§ WHAT THE TASK REQUIRES
All lines from the one that has "Consta de living" onward to the end of the records below are to be returned exactly; pictures are to be skipped.

*** Block opens ***

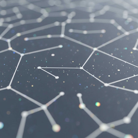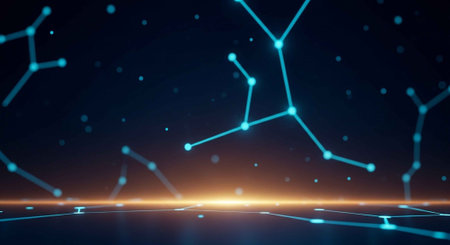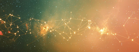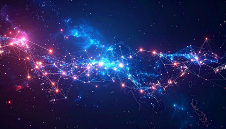 Connected network of nodes radiating across a galaxy backdrop
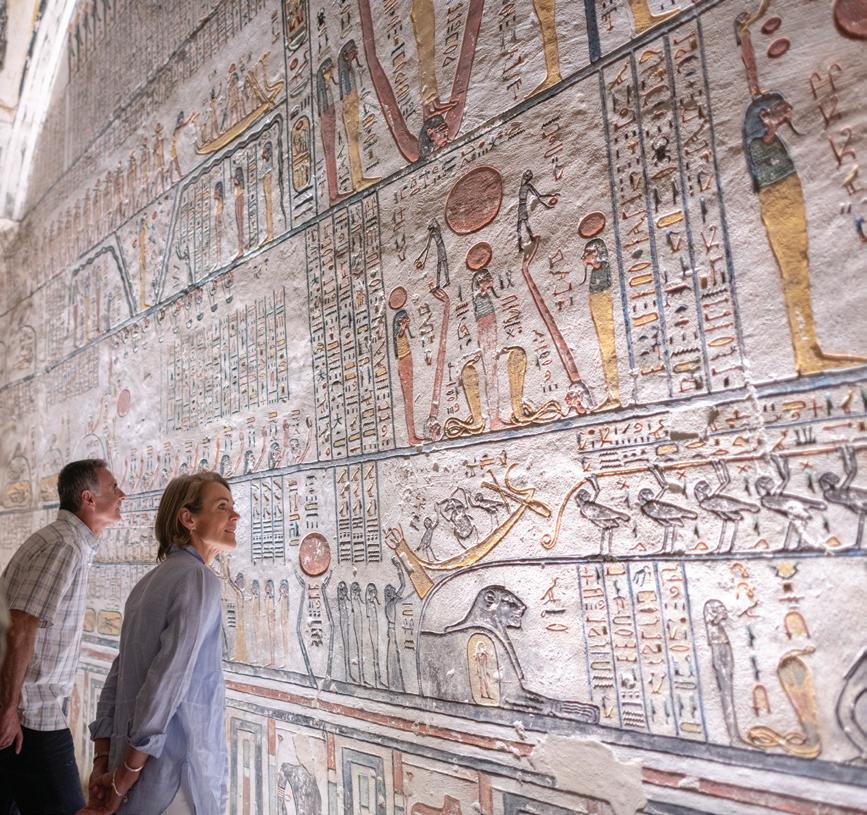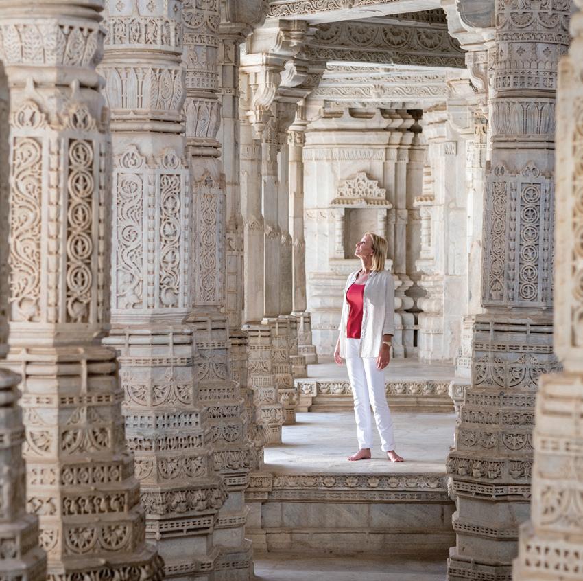 Images, clockwise from left. Explore the intricately carved Jain temples of Ranakpur comprised of 1,500 white marble pillars across its twentynine halls. Day 11, Imperial Rajasthan, p108. Experience the beauty of the White Grotto and Faraglioni Rocks on a private cruise in Capri. Day 4, Ultimate Italy, p20. In Luxor, Egypt, see the Valley of the Kings and the magnificent burial chambers of Tutankhamun. Day 5, Elegance of the Nile, p126. Be immersed while a local shaman performs a welcome ceremony to the Sacred Valley, Peru, and the mystical Andes Mountains that surround it. Day 4, Treasures of the Incas, p90. Day 4, Grand South America, p100. Learn from locals about the process of salt mining using an evaporation technique from the times of the Incas across cascading salt terraces along this scenic canyon. Day 4, Treasures of the Incas, p90. Day 4, Grand South America, p100
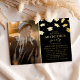 Moderne Einladungen zur Graduiertenparty mit einem Foto des Absolventen, fallender realer Goldfolienmütze und einer eleganten Textvorlage, die leicht zu personalisieren ist.
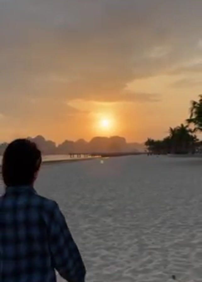sandy beach at sunset. The sky is a mix of orange and gray clouds, and the sun is a bright, round orb setting on the horizon. Silhouetted mountains can be seen in the distance. Palm trees line the right side of the beach. A person with short hair wearing a plaid shirt and dark pants is walking away from the camera towards the sunset. The person is carrying a book or package in their hand.
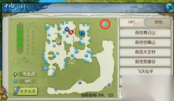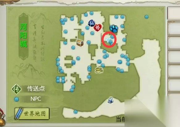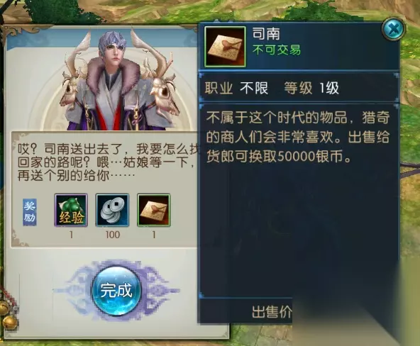 5.司南: 任务地点:河阳城(初始主城) 使用御剑飞行能力,飞到如图位置的小岛上,触发任务,需要回到城内为NPC购买烧鸡。带回烧鸡后即可获得:司南
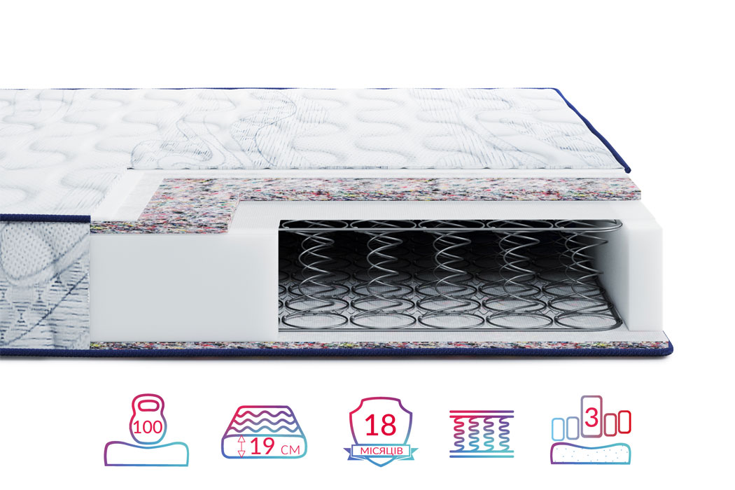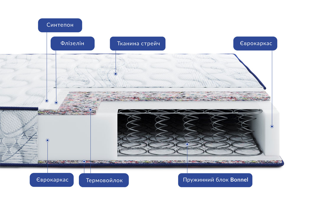 По периметру матраца використано єврокаркас з пінополіуретану високої щільності. Він запобігає просіданню країв і підтримує форму навіть при інтенсивному використанні.
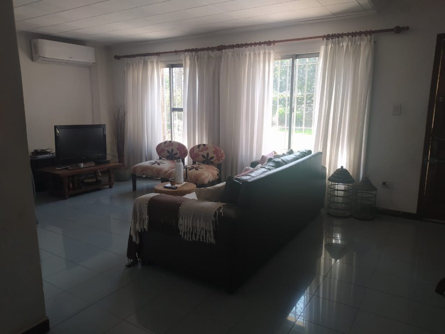 Consta de living con ventanales al parque, comedor, cocina con despensa, 3 dormitorios, dos de ellos con placards empotrados, 1 baño completo, mas 1 toilette, 2 cocheras semicubiertas y quincho cubierto mas baño completo y parrilla.
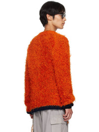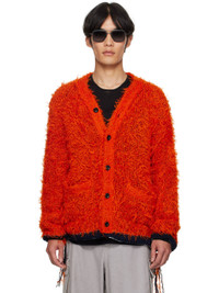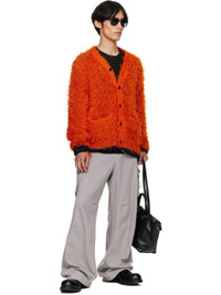 Shag-knit cardigan. · Rib-knit Y-neck, hem, and cuffs · Button closure · Welt pockets at front · Loose thread detailing at side seams and cuffs · Contrast stitching in white Supplier color: Orange Body: 76% polyester, 24% nylon. Trim: 85% cotton, 14% polyester, 1% polyurethane. Made in Japan 252445M200001
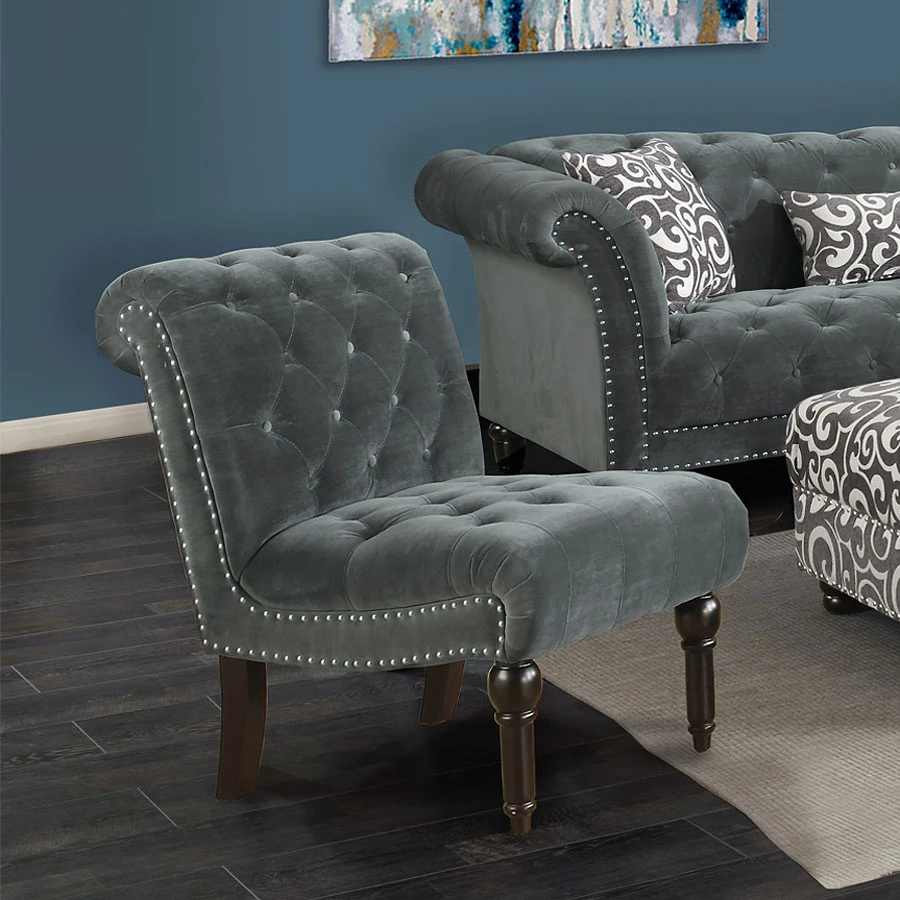 - OverviewThe elegant, yet glamorous Twain Collection by Elements Furniture is the perfect way to create a look of high-end fashion in your very own home. This Hollywood glam design features diamond-stitched tufting with buttons and a chic nailhead trim for a touch of edgy sophistication. Lovely tapered legs and stylish scrolled arms and backs complete the look of this charismatic collection.

*** Block closes ***

§ ANSWER BELOW
 Consta de living con ventanales al parque, comedor, cocina con despensa, 3 dormitorios, dos de ellos con placards empotrados, 1 baño completo, mas 1 toilette, 2 cocheras semicubiertas y quincho cubierto mas baño completo y parrilla.
 Shag-knit cardigan. · Rib-knit Y-neck, hem, and cuffs · Button closure · Welt pockets at front · Loose thread detailing at side seams and cuffs · Contrast stitching in white Supplier color: Orange Body: 76% polyester, 24% nylon. Trim: 85% cotton, 14% polyester, 1% polyurethane. Made in Japan 252445M200001
 - OverviewThe elegant, yet glamorous Twain Collection by Elements Furniture is the perfect way to create a look of high-end fashion in your very own home. This Hollywood glam design features diamond-stitched tufting with buttons and a chic nailhead trim for a touch of edgy sophistication. Lovely tapered legs and stylish scrolled arms and backs complete the look of this charismatic collection.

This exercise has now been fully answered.